The second is a very nice Hamilton Everest II. Quite similar to the Hamilton Vantage but with a much nicer dial. It's a scarce 505-based model.

But the third is one that I lusted ( :wub after when I serviced it for him 2 years ago. It is my favourite 214 Accutron and not a design I've seen before --- I've seen other 214 Railroads but none with these raised numbers, hand style and blue 24 hour text. I'm so glad that this one did not get convert into some dreadful Spaceview --- with that chapter ring, it would have been an easy conversion.

The outer and inner boxes, plus paperwork and signed Bulova buckle, battery hatch tool just add to the overall package. Thanks Colin...it's a fantastic 214 Accutron! :yes:


----------



## Littlelegs (Dec 4, 2011)

I like that a lot. Hankering after an accutron of some sort myself. Just can't decide which one.


----------



## jmm1 (Aug 18, 2009)

Littlelegs said:


> I like tha. t a lot. Hankering after an accutron of some sort myself.
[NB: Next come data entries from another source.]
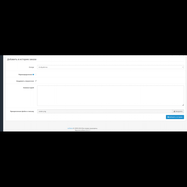 Модуль расширяет функционал Истории заказа Opencart 3.x - добавляет возможность админу прикреплять файл к истории заказа и отправлять его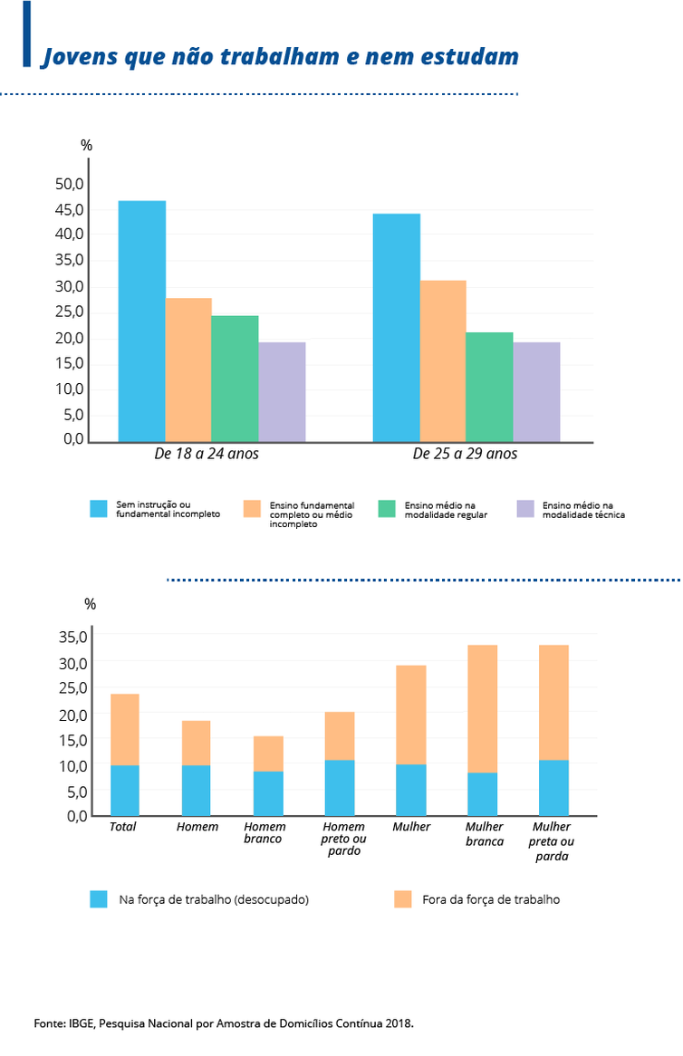 Entre os jovens de 18 e 24 anos, a incidência chega a 27,9% e nos jovens adultos, de 25 a 29 anos, a taxa de nem-nem é de 25,9%. Segundo o IBGE, o fenômeno é fortemente influenciado pela interrupção dos estudos. Os dados mostram que dos jovens de18 a 24 anos nessa condição, 46,6% não tinham concluído o ensino fundamental e 27,7% terminaram apenas essa etapa. Na faixa entre 25 e 29 anos, a proporção é de 44,1% e 31,2%, respectivamente. Dos jovens que concluíram o ensino médio, há mais nem-nem entre quem fez ensino regular do que entre os que concluíram o ensino técnico.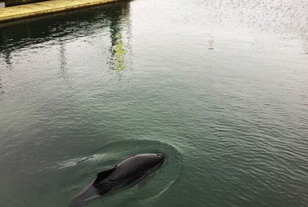 Marsvinet Freja, spærret inde i trangt havnebassin, hvor den lille hval bruges til forsøg og shows. Det vil flere partier nu have stoppet. Foto: Solbritt Beranek/World Animal Protection DK.

Just can't decide which one.


I think you may have decided.

Got to agree though, that is nice..


----------



## Oliverb (Sep 3, 2012)

That is, indeed, an interesting and beautiful Accutron RR. Thanks for sharing.


----------



## MerlinShepherd (Sep 18, 2011)

Paul, you are a tempter... I am now realising that I need a hummer .... that is a lovely watch!


----------



## Silver Hawk (Dec 2, 2003)

MerlinShepherd said:


> Paul, you are a tempter... I am now realising that I need a hummer .... that is a lovely watch!


Merlin, you have one...my UpDown!


----------



## MerlinShepherd (Sep 18, 2011)

Yes I do but it's not perfect for me.... :wallbash:


----------



## harryblakes7 (Oct 1, 2010)

Is that an "Up Down" Day Date? My personal favorite Accutron.......... although that Railroad one above is a smasher!! :thumbup:


----------



## Oliverb (Sep 3, 2012)

MerlinShepherd said:


> Paul, you are a tempter... I am now realising that I need a hummer .... that is a lovely watch!
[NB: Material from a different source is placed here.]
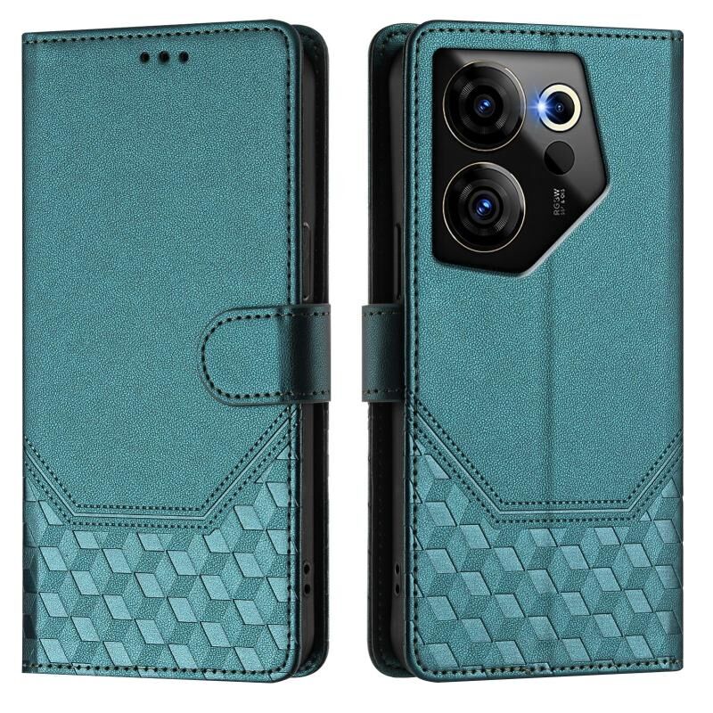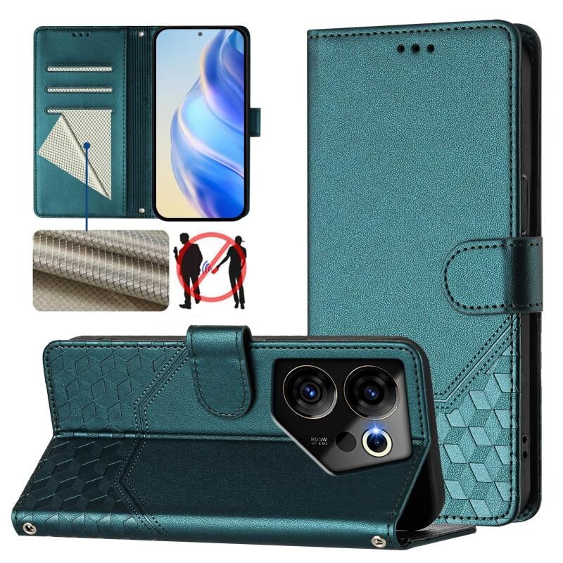 Για Tecno Camon 20 Premier 5G κηρήθρα ανάγλυφη RFID δερμάτινη θήκη τηλεφώνου (Πράσινο παγώνι)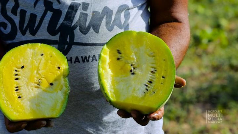 В Минсельхозе Узбекистана рассказали о выращиваемых фермерами в Ахангаране желтых арбузах.

You can't have just one hummer!


----------



## Silver Hawk (Dec 2, 2003)

Oliverb said:


> MerlinShepherd said:
> 
> 
> > Paul, you are a tempter... I am now realising that I need a hummer .... that is a lovely watch!
> ...


 :thumbsup:


----------



## Mechanical Alarm (Oct 18, 2010)

Silver Hawk said:


> Oliverb said:
> 
> 
> > MerlinShepherd said:
> ...


I do (and I love it), but I hope to change that!










Wish I had friends to go to lunch with like that! What's he do, just pack up all his goods and bring them along?


----------



## Mechanical Alarm (Oct 18, 2010)

Silver Hawk said:


> Oliverb said:
> 
> 
> > MerlinShepherd said:
> ...


I do (and I love it), but I hope to change that!










Wish I had friends to go to lunch with like that! What's he do, just pack up all his goods and bring them along?


----------



## john87300 (Oct 12, 2011)

Lovely one, and two more yet to be seen, the only thing I ever get to buy at lunchtime is lunch, I really must re-appraise my friends


----------